■ The task: Leave out the pictures and output exactly the lines below from the one with "- 주최/주관 : 횡성군 / (재)횡성문화관광재단" down to the one with "Mens USA Baseball", both of them included.
----- The data -----
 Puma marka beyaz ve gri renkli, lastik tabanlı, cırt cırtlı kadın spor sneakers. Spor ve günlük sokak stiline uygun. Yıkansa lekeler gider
-----
----- The data -----
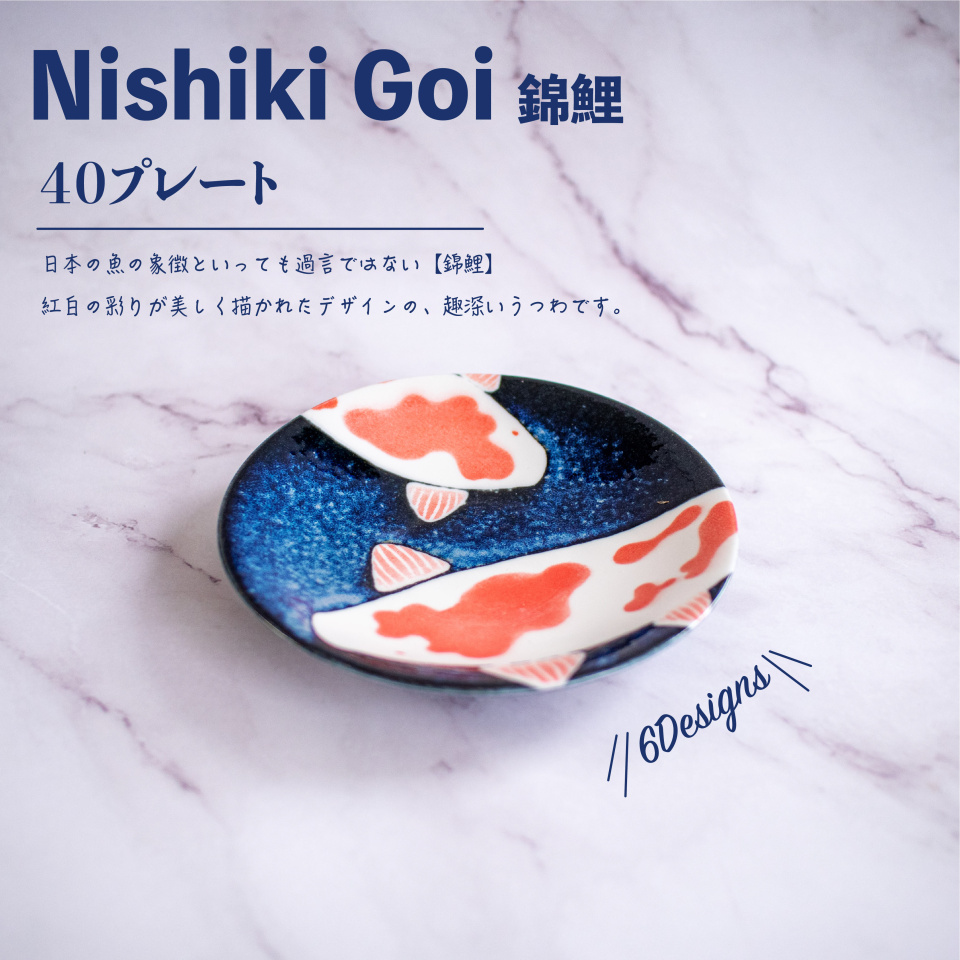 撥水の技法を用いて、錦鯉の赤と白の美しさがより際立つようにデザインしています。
-----
----- The data -----
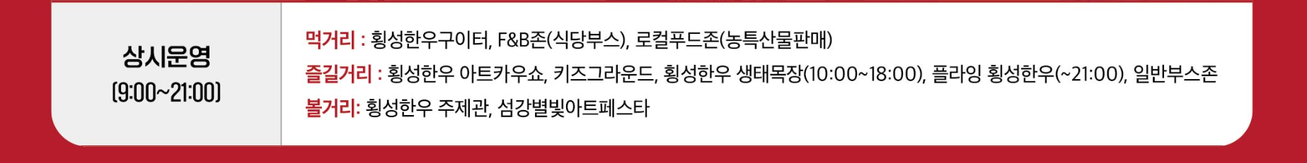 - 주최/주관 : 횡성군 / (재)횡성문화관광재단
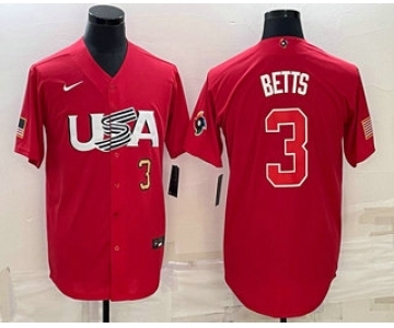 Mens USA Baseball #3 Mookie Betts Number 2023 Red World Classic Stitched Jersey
-----
■ Task output:
 - 주최/주관 : 횡성군 / (재)횡성문화관광재단
 Mens USA Baseball #3 Mookie Betts Number 2023 Red World Classic Stitched Jersey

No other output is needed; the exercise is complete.